* _Data excerpt_:
--------------------------------------------------

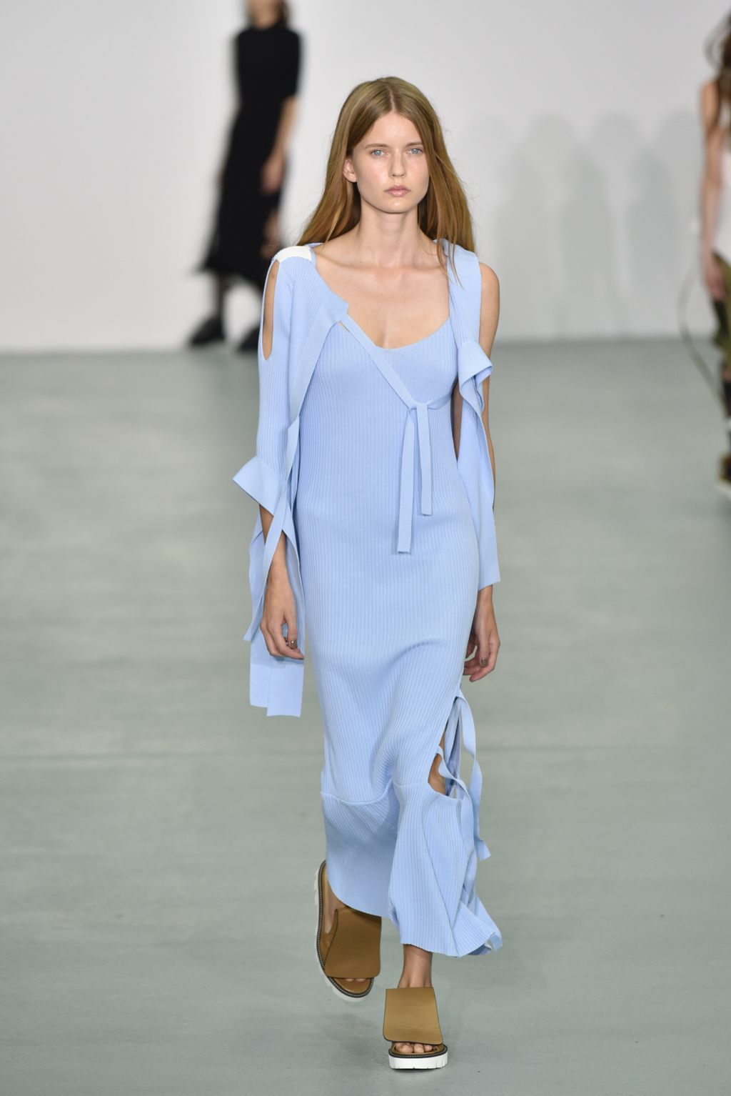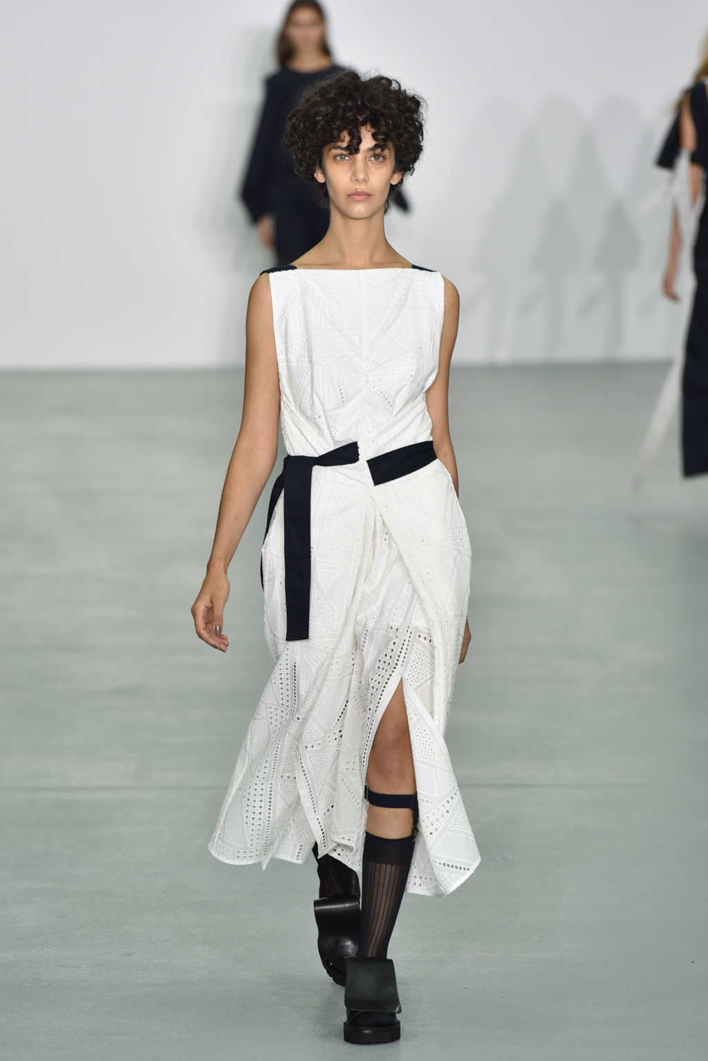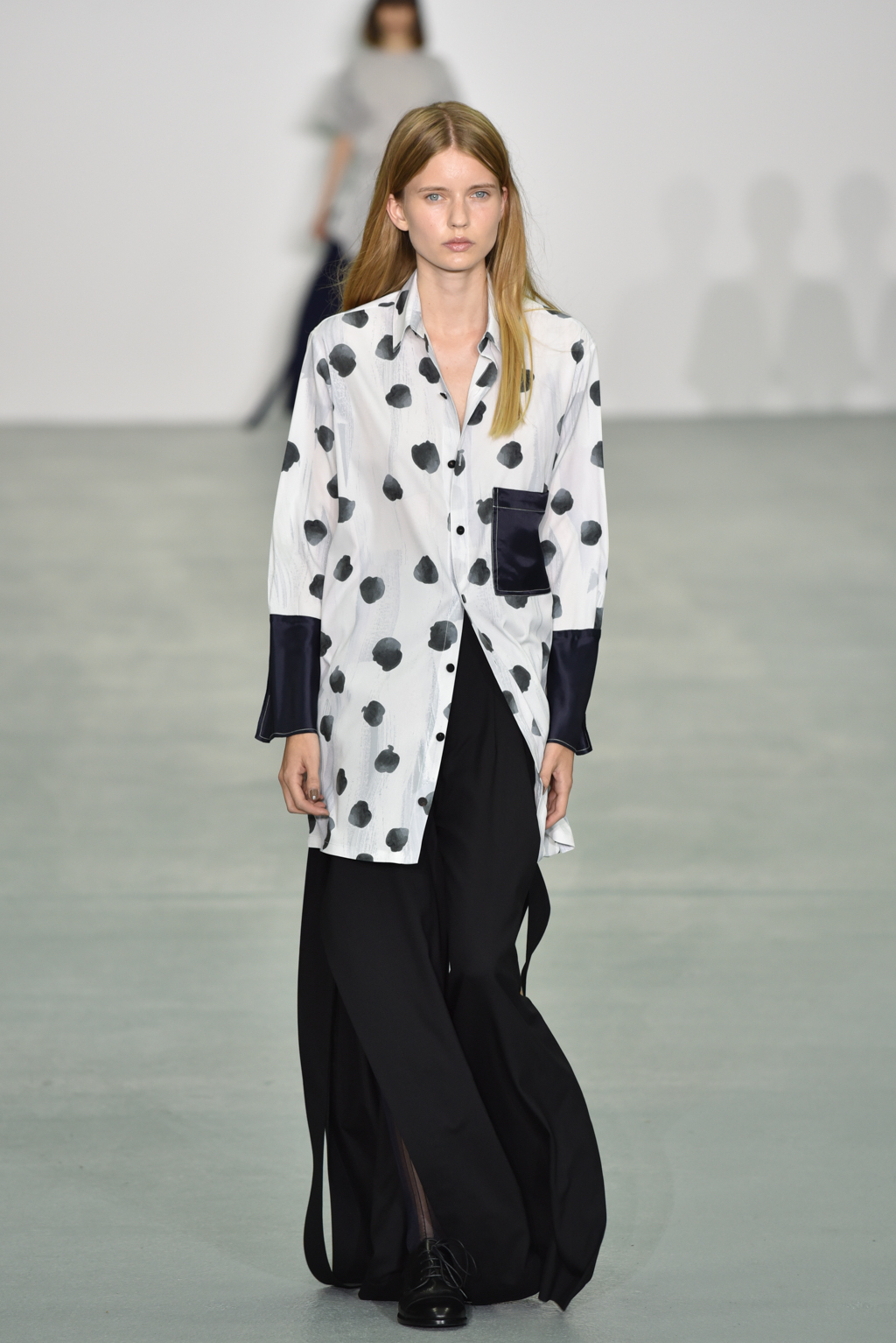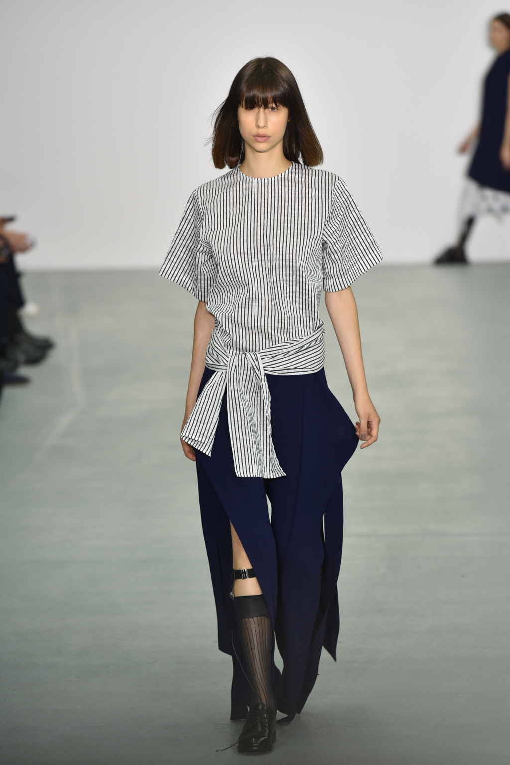Since his LFW debut in 2012, Eudon Choi has made a name and label for himself by utilising his tailoring training in the womenswear sphere. His collections have historically deployed a small number of fabrics and prints to subvert our understanding of womenswear designs; unsurprisingly, his SS17 collection continues – but also extends – this trend. It seems SS17 for Choi is all about celebrating how fabrics fall on the wearer.
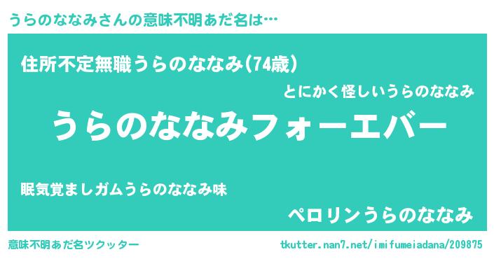 | ファンタジー風あだ名 | 『エターナルウラノナナミー』 |
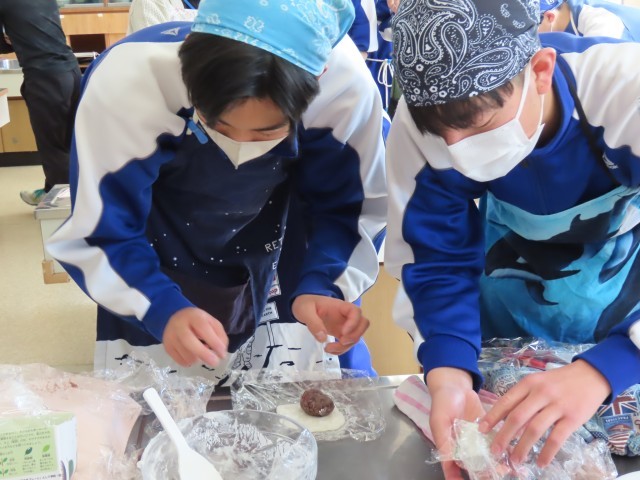 家庭科では、いちご大福作りを行い、やわらかいお餅に苦戦しながら頑張っていました。

--------------------------------------------------

* _Your instructions_: Each line of the listing above should be retyped exactly, with no pictures.

* _Reply to the task_:
Since his LFW debut in 2012, Eudon Choi has made a name and label for himself by utilising his tailoring training in the womenswear sphere. His collections have historically deployed a small number of fabrics and prints to subvert our understanding of womenswear designs; unsurprisingly, his SS17 collection continues – but also extends – this trend. It seems SS17 for Choi is all about celebrating how fabrics fall on the wearer.
 | ファンタジー風あだ名 | 『エターナルウラノナナミー』 |
 家庭科では、いちご大福作りを行い、やわらかいお餅に苦戦しながら頑張っていました。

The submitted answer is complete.